Muncie, Indiana; United States;
- Broadcast area: Delaware County, Indiana
- Frequency: 1340 kHz
- Branding: WMUN 92.5 FM and 1340 AM

Programming
- Format: Talk; sports
- Affiliations: Fox News Radio; Fox Sports Radio; Indianapolis Colts Radio Network; Indiana Pacers Radio Network;

Ownership
- Owner: Woof Boom Radio Muncie License LLC
- Sister stations: WBKQ, WERK, WHBU, WLBC-FM, WMXQ

History
- First air date: November 1926; 99 years ago (as WLBC)
- Former call signs: WLBC (1926–1996); WXFN (1996–2022);
- Call sign meaning: Muncie

Technical information
- Licensing authority: FCC
- Facility ID: 17601
- Class: C
- Power: 1,000 watts
- Transmitter coordinates: 40°9′42.00″N 85°22′41.00″W﻿ / ﻿40.1616667°N 85.3780556°W
- Translator: 92.5 W223CZ (Muncie)

Links
- Public license information: Public file; LMS;
- Webcast: Listen live
- Website: www.wmunmuncie.com

= WMUN =

WMUN (1340 AM) is a commercial radio station licensed to Muncie, Indiana, and serving Delaware County, Indiana.
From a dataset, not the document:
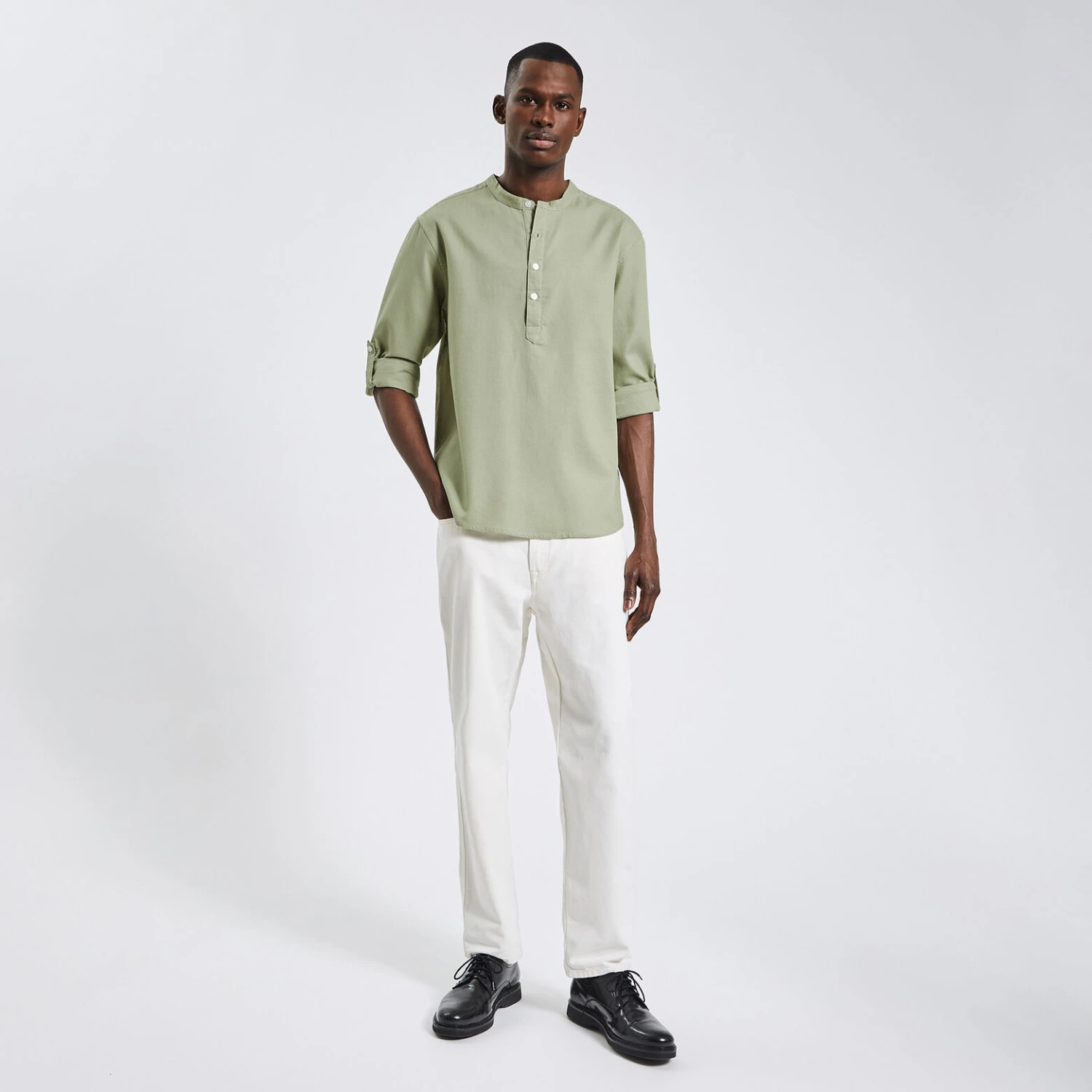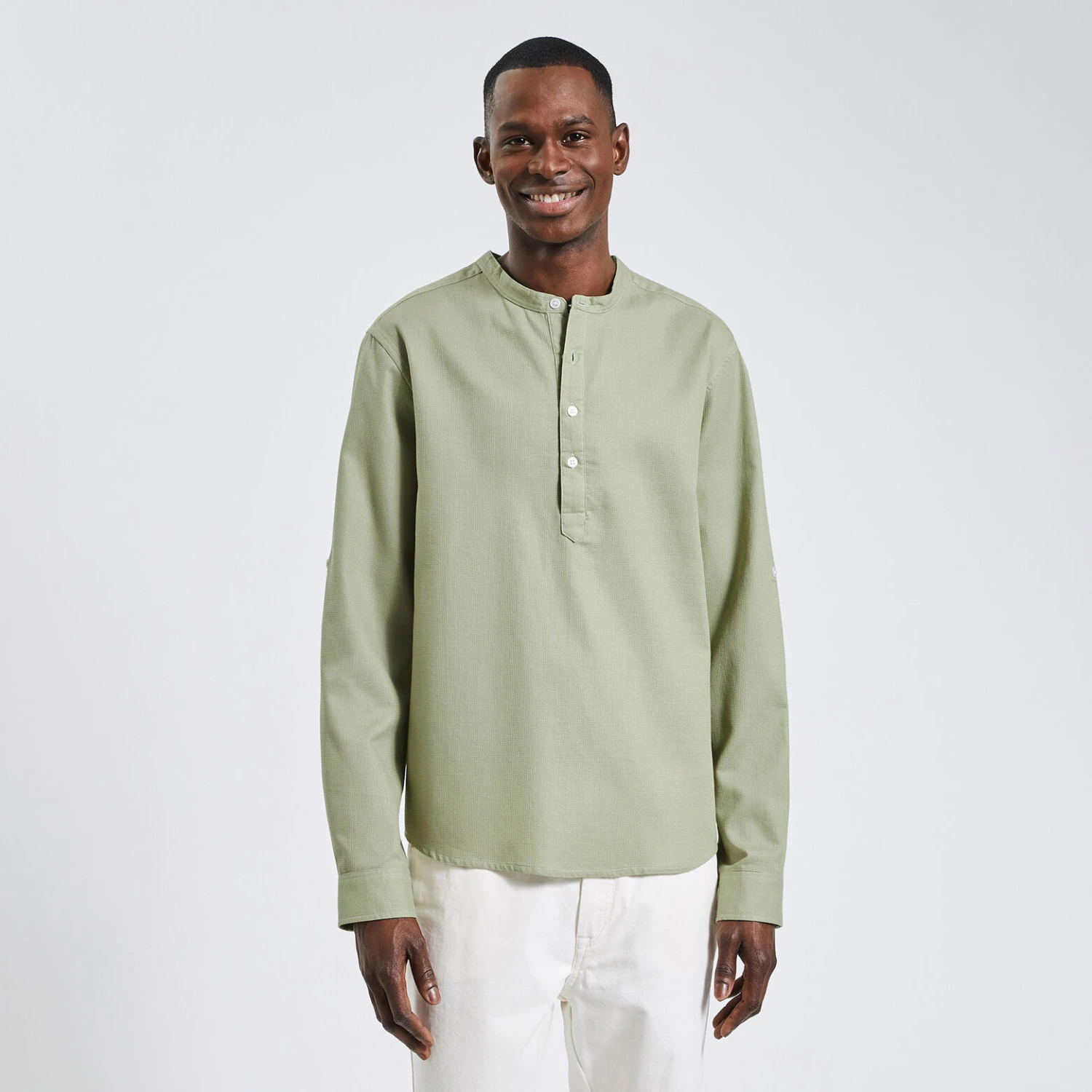 Cette belle chemise unie en nid d’abeille, éco-conçue dans une matière légère et confortable, donne un style chic mais décontracté !

It broadcasts a talk and sports radio format and is owned by Woof Boom Radio Muncie License LLC. WMUN features programming from Fox Sports Radio. The station airs some local talk programming in the morning, and a local hour of sports talk is heard weekdays at 4 p.m. WMUN is the flagship station for Ball State University women's basketball and carries games from the Indianapolis Colts and Indiana Pacers. On Friday nights in the fall, WMUN carries local high school football.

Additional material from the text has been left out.